I tried a new cocktail the other night, at home with L, and it made me think about the relationship between sight and smell and taste. I’d been sent, for tasting purposes, the makings of a custom-conceived cocktail from Domaine Carneros, the producer of, among other things, fine Napa sparklers. Domaine Carneros has recently released a brut rosé “Cuvée de la Pompadour,” a pink sparkler that retails for about $35.
Made mostly in the traditional way, by leaving the Pinot Noir juice in contact with the skins long enough to pick up a little blush and tannin, it also has a little Chardonnay and an additional dab of Pinot Noir added to adjust color and flavor down the line. The result is not mind-blowing, but is still very, very good. The light hand with the Chardonnay means it doesn’t have the tart green-apple quality that California blanc de blancs sometimes do—at least in my limited experience. It’s a tartness I don’t personally like.
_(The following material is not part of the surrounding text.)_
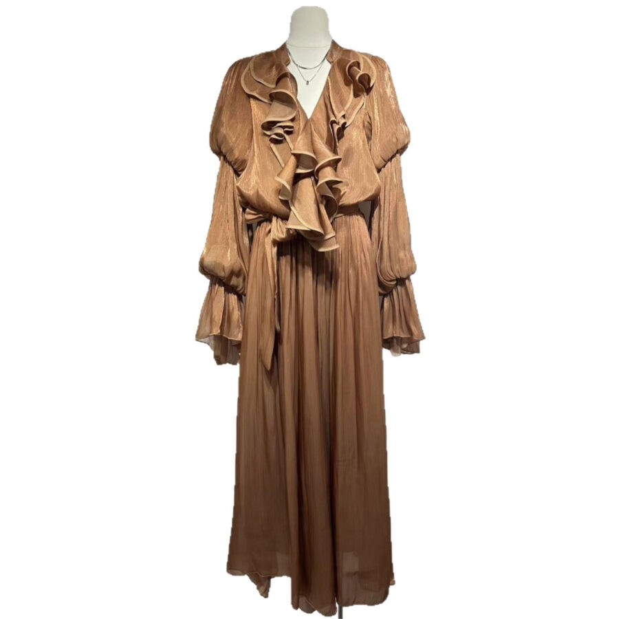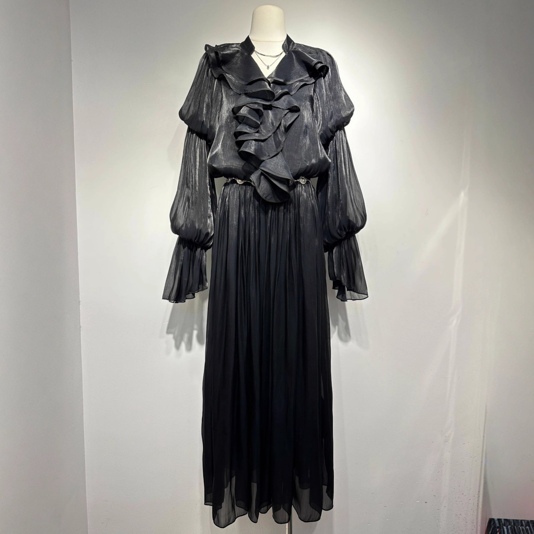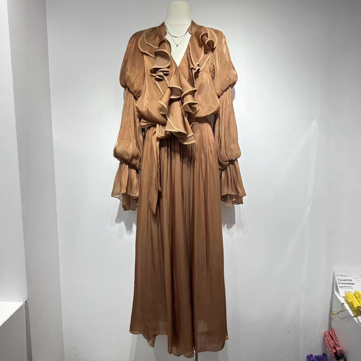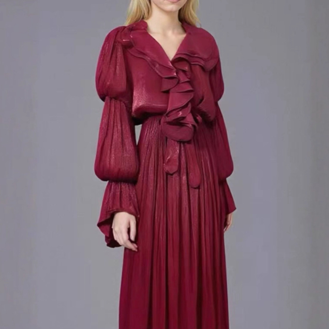 Be the first to review “Ruffle V-neck flared sleeve elegant pleated dress”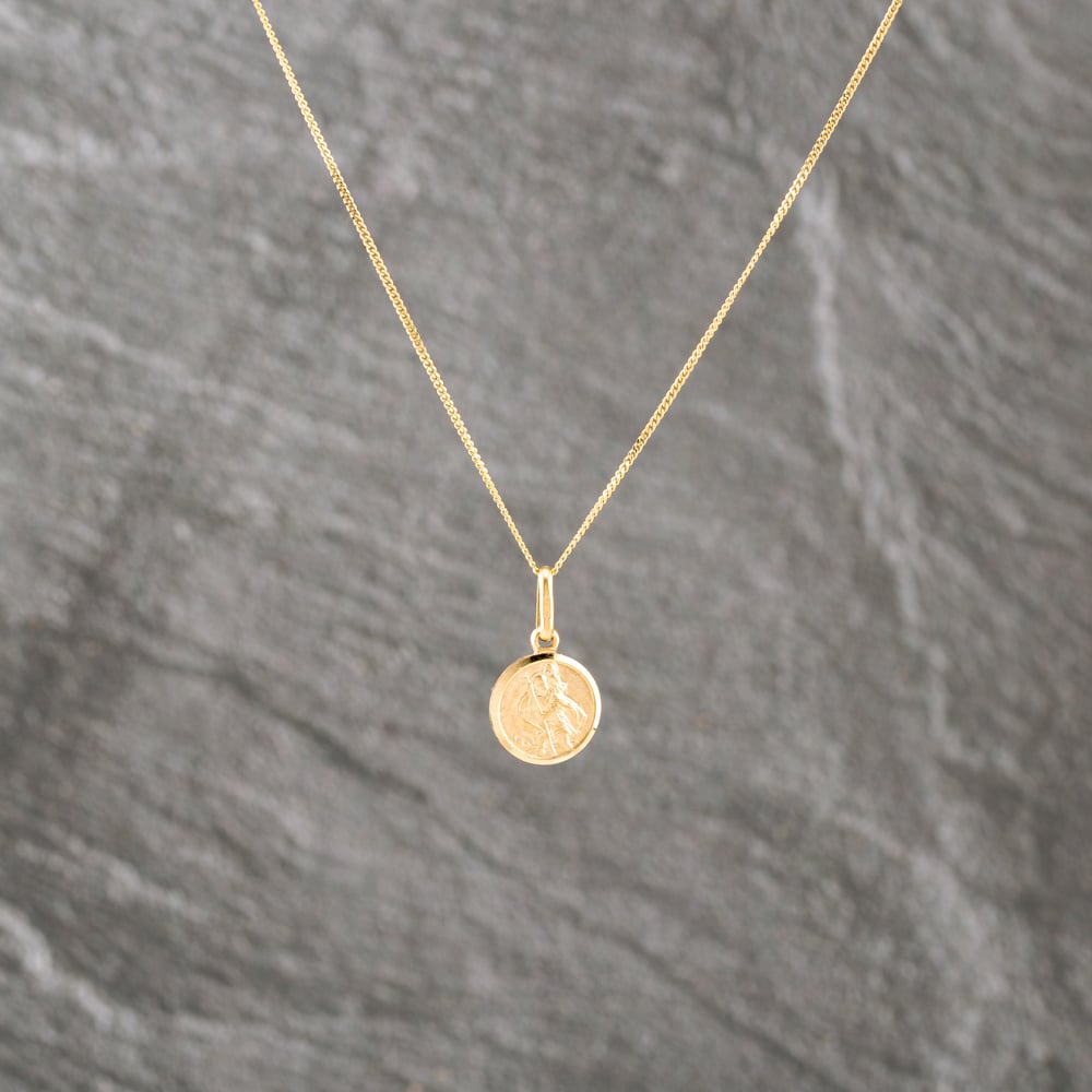 9ct Yellow Gold Round St Christopher Pendant & 16 Inch Curb Chain

Instead, this wine has a frothy, minerallike quality and enough balance between tartness and milder raspberry and cherry flavors to be drinkable glass after glass. I’ve had it several times now, and each time it has grown on me, and become more something I’d gladly turn to.
But now to the cocktail. Flush with excitement about this new wine, Domaine Carneros has commissioned a cocktail to celebrate it: the Bouquet of Rosé, in which 3.5 ounces of the brut rosé get 1/2 ounce of Sence rose nectar (a pleasing, nonalcoholic, lightly sweetened rose-flavored beverage and mixer), a spritz of rose water, and a sprig of fresh lavender. Mixing this one up with L, after work one night, I was struck by the following: There’s nothing roselike about the wine, except the pink color. And even the color only reads as “roselike” because of the presence of the French word rosé, which means pink, and doesn’t have anything to do with the flowers we know as roses. But the mind behind the cocktail—a hired gun named Natalie Bovis-Nelsen, a.k.a. the Liquid Muse—appears to have looked at the wine, looked at the name, and thought of flowers. The result is a curious cognitive dissonance: all this admittedly elegant rose flavoring (these are modest, tasteful flavorings, and the drink is surprising in a fine way) apparently inspired less by the wine’s flavor profile (though there’s no clash here) than by the wine’s color and name, its symbolic association with roses by the dozen in fabulous hotel rooms. Drinking the Bouquet of Rosé, this disconnect left me unsettled, as the experience happening in my mouth and nose and happily buzzed self felt increasingly out of sync with the experience provoked in the conscious mind. In other words, there’s just something weird about a drink mix inspired not by the taste of its primary ingredient but by the color and name. If you get a chance to try this cocktail, I’d almost recommend it, just to share the curious effect and the thoughts that effect provokes. My stronger recommendation, though, is to get your hands on the wine itself, and savor it on a no-big-deal night when you want something bright, delicious, and uplifting.